2012-02-28 23:02 Real Madrid Por: Administrador

En Barcelona ahora hacen lo que antes criticaban



Guardiola no hablaba de los árbitros. Xavi no hablaba de los árbitros. La directiva no hablaba de los árbitros. Pero en las últimas semanas hemos comprobado como el descrédito se ha instalado con fuerza en Can Barça. Ya pocos creen el discurso humilde y afable de los azulgranas. Ahora se habla del estamento arbitral, y es que de alguna forma hay que justificar el mal momento que atraviesa el equipo tanto en el terreno de juego, como fuera de él.

El viento ha dejado de soplar a favor de los intereses del Fútbol Club Barcelona. Los pupilos de Guardiola se han encontrado enfrente a un equipo bien armado que le está poniendo los puntos sobre las íes. El ‘supuesto’ mejor equipo del mundo, tiene ante sí a un rival que le saca diez puntos en la clasificación liguera, y solo los fallos arbitrales no pueden justificar esa diferencia. Ahora el descredito deja en evidencia los valores de uno y los valores de otros. Mensajes subliminales, injusticias, ironías… todo vale para intentar engañar al espectador, pero son muchos los que han descubierto la verdadera cara de los barcelonistas.

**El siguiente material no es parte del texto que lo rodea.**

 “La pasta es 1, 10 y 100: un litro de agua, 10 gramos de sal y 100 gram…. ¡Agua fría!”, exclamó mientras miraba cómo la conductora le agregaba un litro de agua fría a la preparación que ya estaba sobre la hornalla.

En Can Barça ha habido un cambio de criterio. Cuando las cosas marchaban bien, los árbitros era un colectivo más que vestían de azulgrana –circunstancia que aún se sigue dando aunque ellos quieran evitar este hecho flagrante, como se comprobó ante el Atlético de Madrid en el Vicente Calderón-, eran otros los que ponían escusas, ya que ellos nunca lo hacían. Pero ahora, cuando no hay más evidencia que asumir el rol de segundones, parece que es complicado de encajar en los valores culés esta sintonía que suena con fuerza.

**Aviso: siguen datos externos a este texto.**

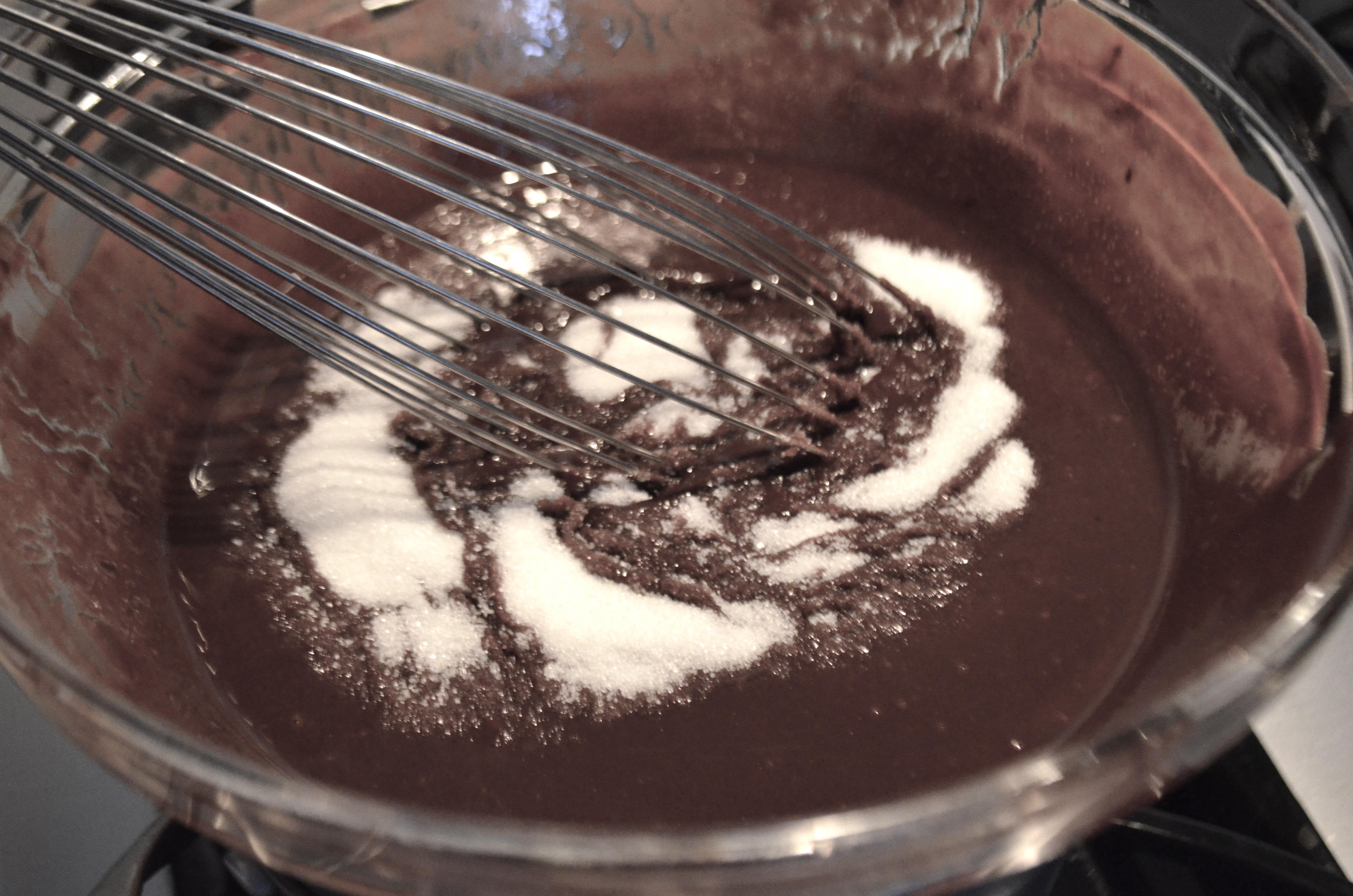 Place chocolate, butter and espresso powder in a glass bowl and set over a pot of boiling water. Let chocolate mixture melt down, stirring with a spatula until smooth. Once melted, turn off heat immediately (or before chocolate is totally melted and stir until smooth). Keep bowl over water and add sugars, whisking gently until completely melted into smooth sauce.

En Barcelona tiene impotencia de que este Madrid no pincha, de que no tiene el bajón físico y anímico que ellos sufren. El vestuario blanco es una piña, todos están con  su míster, se han sabido sobreponer a todo tipo de campañas de acoso y derribo, situación que en la Ciudad Condal ha pasado de ser idílica a ser tortuosa. El cisma del vestuario, un entrenador que arroja la toalla y que se medita el no renovar; y una directiva que intenta tirar balones fuera para esconder sus sucias armas de descrédito hace caer en la conclusión que algo no marcha bien en Barcelona, y no creemos que la culpa sea de los árbitros. No corren buenos tiempos en la Ciudad Condal, los cuales parecen no querer asumir su rol de equipo segundón que tiene muy complicado, por no decir imposible, atrapar al Real Madrid.

La realidad es que el equipo madridista es más regular, no falla, y el Barça es un vaivén de disparates que intentan esconder los trapos sucios bajo una cortina de humo que poco a poco se disipa. El campeón de Liga se forja jornada a jornada, y la pérdida de puntos de los barcelonistas no tiene más escusas. No hay más que hacer, todo está dicho. Los que no se quejaban de los árbitros, ahora se quejan; los que “no sabían perder” ahora solo saben ganar; y es que con el paso del tiempo pone a cada uno en su lugar. Las caretas se van cayendo y parece que no es oro todo lo que reluce. Algunos están quedando demasiado retratados y pierde todo tipo de crédito que en otro tiempo ganaron.